Terug in het kamp, verkleden we ons om te gaan zwemmen. Heerlijk verkoelend en we spoelen ons weer schoon van het stof van de wandeling. 's Middags luieren en dutten we wat en doen verder niets.
Zondag 29 augustusOkavangko Delta, naar Maun
's Morgens maken we met een klein groepje een twee uur durende wandeling in de omgeving met Bart als gids. Al snel zien we een alleenstaande olifant. Er staat net een struik voor, dus kunnen we hem heel omzichtig tot vijfentwintig meter afstand benaderen. Als de olifant ons ziet, wordt hij erg nerveus en slaat hij op de vlucht en loopt met een hele grote boog om ons heen. Dan blijkt, dat achter ons nog een stuk of zes olifanten staan en wij hebben die ene dus van de kudde afgezonderd. Tegen de wind in, lopen we op die groep toe en we kunnen ze mooi gade slaan. Ook zien we in de verte drie grote grondneushoornvogels en een vorkstaartscharrelaar.

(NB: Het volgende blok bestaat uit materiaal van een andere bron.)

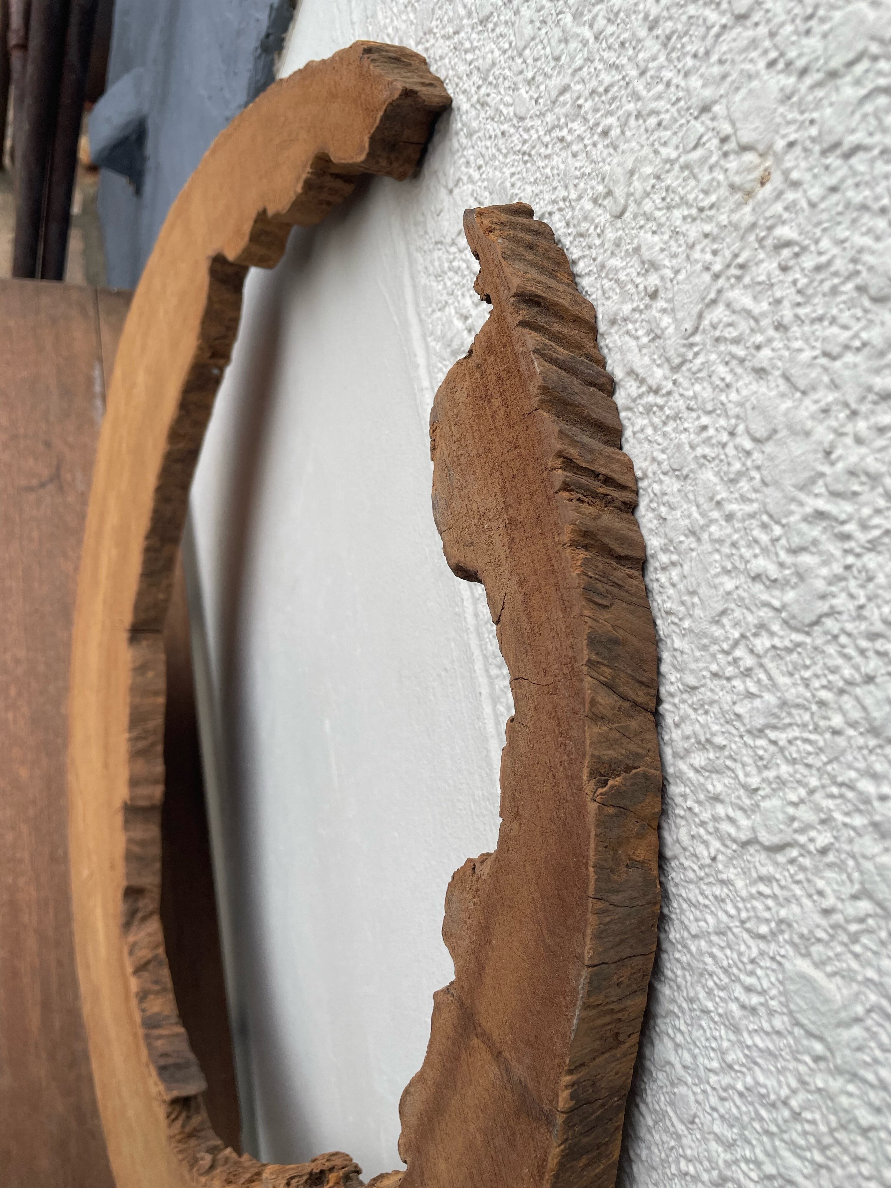 巨大な天然木の切り株をスライス(輪切り)した迫力のあるオブジェ。
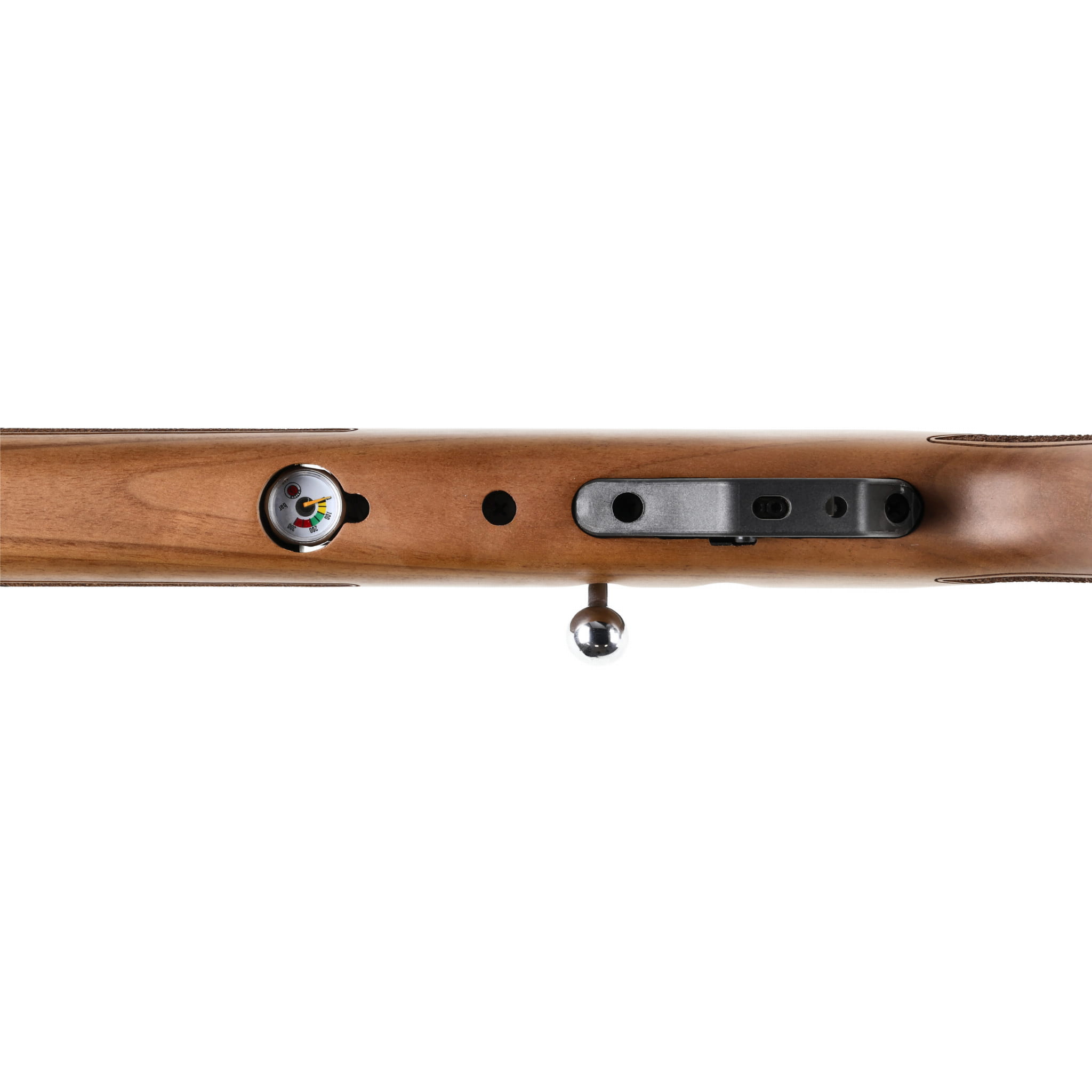 Do zasilania Optima by Hatsan Hydra 4,5 mm zastosowano stalowy kartusz na sprężone powietrze o pojemności 165 cc. Naładowany do pełna zasobnik hp pozwala na oddanie ok. 48 strzałów o powtarzalnej prędkości początkowej. Dzięki wbudowanemu manometrowi użytkownik może w łatwy sposób kontrolować ciśnienie i pozostały zapas powietrza.

Weer terug bij de tenten pakken we alles in en brengen dat naar de kant van het water. Heel snel komen de boten eraan en varen we terug naar Maun. Onderweg wacht ons echter een verrassing. Midden in de rivier liggen zeven à acht olifanten. Het is een schitterend gezicht. Een paar olifanten op de kant komen dreigend en trompetterend op ons af, maar we laten ons daar niet door afschrikken. We kunnen ze een hele tijd goed bekijken.
Terug in Maun kamperen we op dezelfde camping. Tegen vieren gaan we met z'n achten naar het vliegveld voor een rondvlucht van een uur boven de Okavangko Delta (kosten 110 pula = ƒ 77). Wat een gave vlucht. In het begin vliegen we heel erg laag boven een stroompje, waar we een man weg zien duiken, omdat hij bang is dat het vliegtuig hem zou raken. We hebben een negenpersoonshoogvlieger, zodat we een schitterend uitzicht hebben. Later gaan we wat hoger vliegen, maar niet zo hoog dat we niets meer zien. We zien o.a. olifanten, zebra's, buffels, verschillende antilopen, giraffen, een nijlpaard. Het is een heel mooi gezicht om al die dieren in en bij het water te zien. Ook zien we mooie vogels boven het water scheren. We hebben een mooi overzicht over de delta met veel water en allemaal verschillende tinten groen. Prachtig. Alles bij elkaar een vlucht om nooit te vergeten.
Terug op de camping maken we de rest jaloers met onze verhalen. Daarna lekker gedineerd in het restaurant van de camping. Lekker luxe dus.